Country details are returned as a JSON entity with the elements shown below:
"CountryEntity": { "alpha3": "USA", "alpha2": "US", "localName": "United States of America", "shortName": "United States", "numericalCode": 840 }
See here for a complete list of countries https://www.nationsonline.org/oneworld/country_code_list.htm.
Element | Description | Examples |
---|---|---|
alpha3 | The three-letter code of the country | USA, GBR, or IND |
alpha2 | The two-letter code for the country | US, GB, or IN |
localName | Name of the country | United States of America, United Kingdom, or India |
shortName | Short name | United States, United Kingdom, or India |
numericalCode | United Nations, used numerical code M49 for countries | 840, 826, or 356 |
Company Name or Organization Name
Captures the name of a company from user utterances such as the Nearest branch for Amazon. The value for Company Name is returned (Amazon) as a string. See Supported Companies list.
The company name corpus includes language-specific names. Variations of a company’s name like stock name, registered name, etc. are all mapped to a common name, thus ensuring that, for example, Amazon, Amazon.com, Amazon Inc are all recognized as a single company.
Apart from the supported companies, the bot recognizes the words starting with a capital letter and followed by these suffixes as a company type: Inc, Incorporated, Corp, Corporation, Group, Ltd, Limited, Co, Company, LP, LLP, LLLP, LLC, PLLC.

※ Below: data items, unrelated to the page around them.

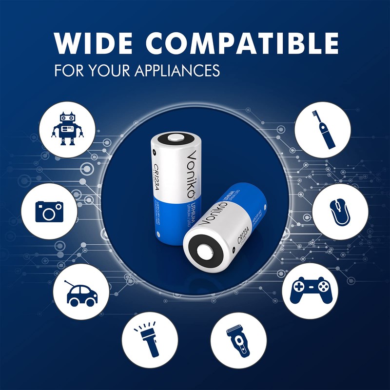 - Each and every VONIKO CR123A lithium battery is equipped with the state of the art:
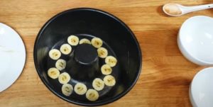 - Unte uma forma com óleo de coco e distribua as rodelas de uma banana por cima.
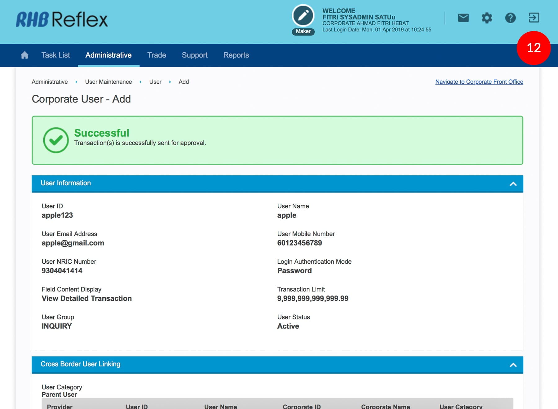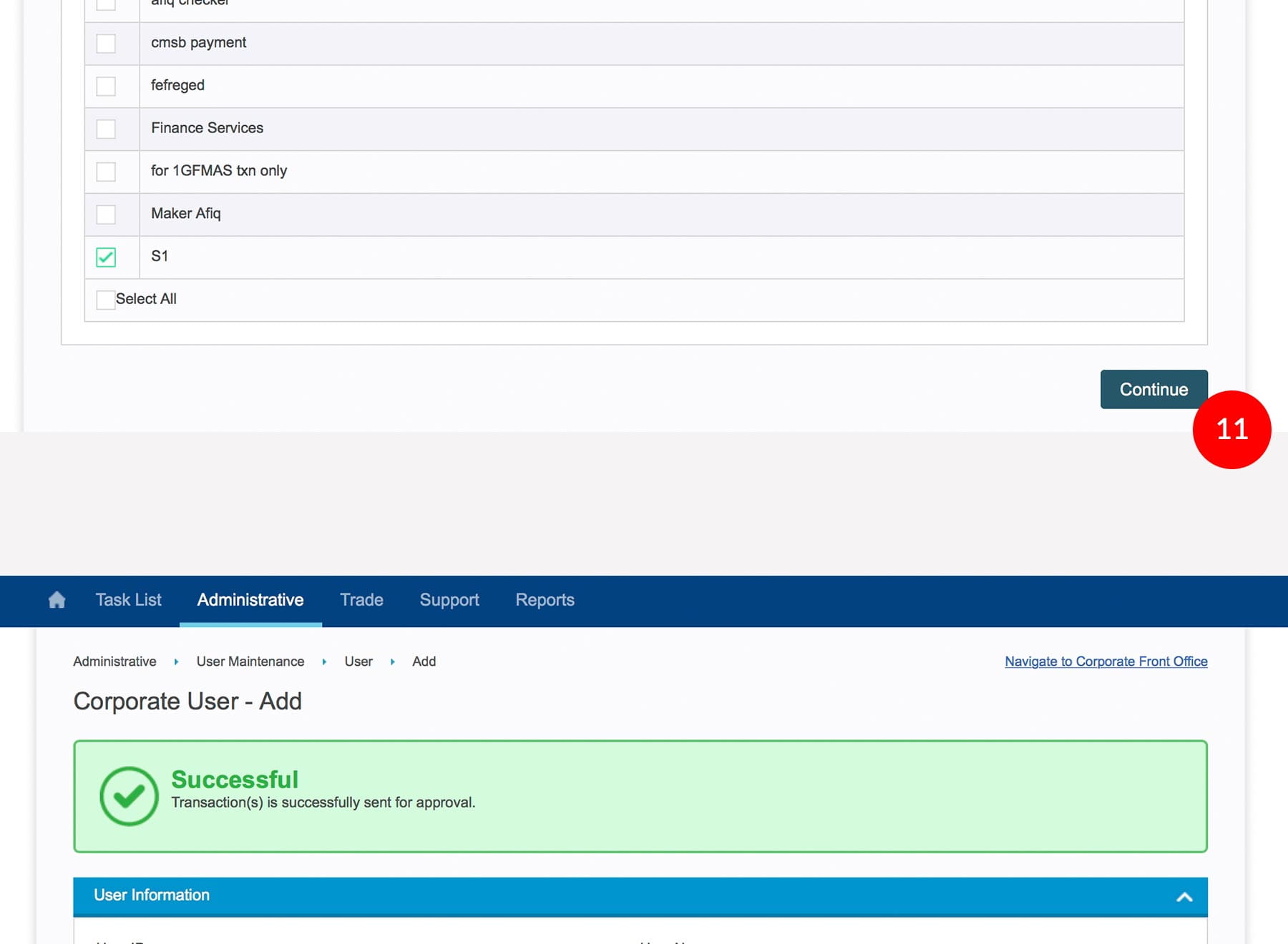message of “Transaction(s) is successfully sent for approval” will be displayed. This
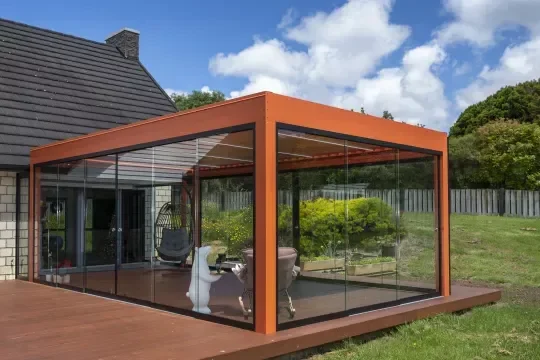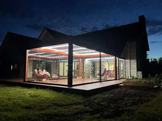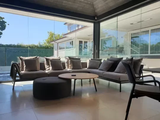 A wall enclosure creates a more defined and protected patio space with added structure, privacy, and separation from the elements. It is ideal for homeowners seeking a more permanent enclosure feel.
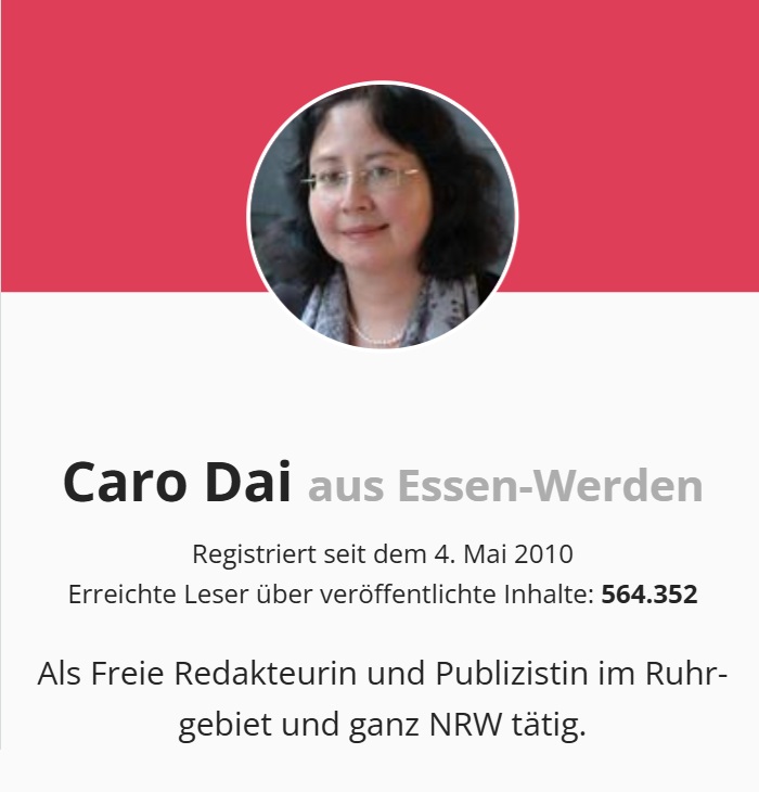 Agentur-Inhaberin, zeitgleich mit dem Agentur-Gründer durch die bundesweite Arbeits-Verwaltung mit Landes-Arbeits-Ämtern aufgrund von Empfehlungen aller Berufs-Verbände und mit nötigen Eignungs-Nachweisen amtlich lizenziert für: a) Deutschland, b) Europa und c) die Welt (der sogenannte „Hollywood-Schein“). All diese Lizenzen – nach den ersten Jahren der Bewährung – seither ebenfalls neu staatlich und wie beim Gründer lebenslang gültig lizensiert. Und Caro Dai ist als CEO seit langem begeisterte und begeisternde Inhaberin dieser Agentur auf gewerblicher Basis.
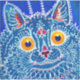 Sicker mit Louis Wains Tiergemälde A Cat in Gothic Style (1860-1939). Eine psychedelisch blaue Katze sieht freundlich mit gelben Augen auf den Betrachter aus. Ein wunderbares Geschenk für Katzenliebhaber und englische Kunst.
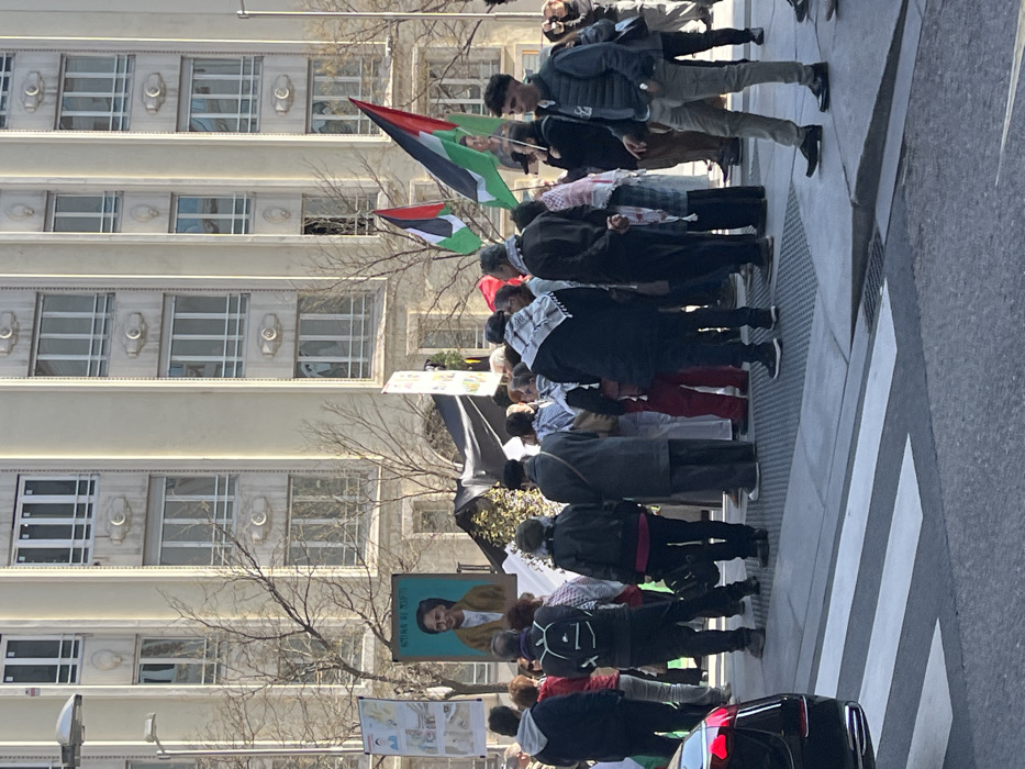 The image captures an outdoor gathering of approximately 25-35 individuals on a wide urban sidewalk in Madrid, Spain, under clear, sunny conditions. The background is dominated by a multi-story building with a light-colored facade, characterized by numerous uniformly spaced windows, each featuring a distinctive semi-circular, fan-like architectural embellishment above it. This architectural style is typical of major thoroughfares in central Madrid, such as Gran Vía. The individuals, primarily adults, are standing in a concentrated group. Many are wearing keffiyehs or scarves with similar black, white, and red patterns around their necks or heads. Several participants are holding upright Palestinian flags, identifiable by their horizontal black, white, and green stripes with a red triangle at the hoist. Two large posters are visible. One prominent poster displays a painted portrait of a woman, possibly a historical figure, with partially legible text below her that appears to read "ACTUA DE..." Another poster is partially obscured by the crowd. Bare tree branches are visible, indicating a late autumn or winter season. In the immediate foreground, a section of a black vehicle is visible on the left, parked adjacent to a clearly marked zebra crossing on the street. The gathering appears to be a peaceful demonstration or rally.

"entities": { "OrganizationEntity": "amazon" }
Color
Captures the name of the color from a user utterance. For example, Set the status to Green. Returns a value for the Color as Green as a string. See Supported Colors list.
"entities": { "ColorEntity": "green" }
Currency
Captures the amount and type of currency from the user utterance. For example, This handbag is priced at 200 dollars where 200 is the amount and USD is the currency.
This entity type recognizes:
- Full currency names (Dollar, Rupees, Indian National Rupees, Dinar)
- Currency symbols ($, S$, £)
- Standard currency abbreviations (INR, USD)
- Commonly used slang for currencies (Buck, Nickel, Dime, Quid, Loonie, Toonie, Benjamin, Jackson, Hamilton.)
"CurrencyEntity":[ { "code": "SGD", "amount": 20 }
Custom
Define a regular expression to validate the user input in the Regex field displayed.
For example, enter: [a-zA-Z]{3}[-]\d{4}
to return a sample response as: {"regex":"NLP-1234"}
For more information, refer to Regex Expressions.
Composite
Composite entities are used to capture multiple entity values in one entity.
For example, consider the sales inquiries to car sales. Typical queries can be of the form: I am interested in the Tesla Model S 2018 model or What would a red Tesla 2010 model cost or Tell me about Tesla Model S.
As you can see, the bot typically needs to process a combination of details like Make, Model, Year, and Color to respond to those queries.
These scenarios are taken care of by the Composite Entity Type. Refer here to know more about Composite Entity Types.
Date
Captures a date mention from a user utterance. For example, Book a flight on the 10th of October returns the value for Date in ISO8601 date format is YYYY-MM-DD.
The bot recognizes all possible ways and formats of dates, like:
- Formatted dates like YYYY-MM-DD, DD-MM-YYYY, DD-MM-YY, YYYY/MM/DD, DD/MM/YYYY, DD/MM/YY, YYYY.MM.DD, DD.MM.YYYY, DD.MM.YY.
- All number dates like YMD and DMY for 20180518 and 09102013.
- Formatted dates with space separators like YYYY MM DD. dd/mm yyyy, dd-mm, dd-mm-yyyy, dd-mm-yy, mm-dd, dd / mm / yyyy, dd . mm . yyyy, ddmm yyyy, mmdd.
- Named months like yyyy/dd/monthNames or yyyy-dd-monthNames or dd.monthNames.yyyy 2018/28/Dec or 2018-28-Dec or 28.Dec.2018.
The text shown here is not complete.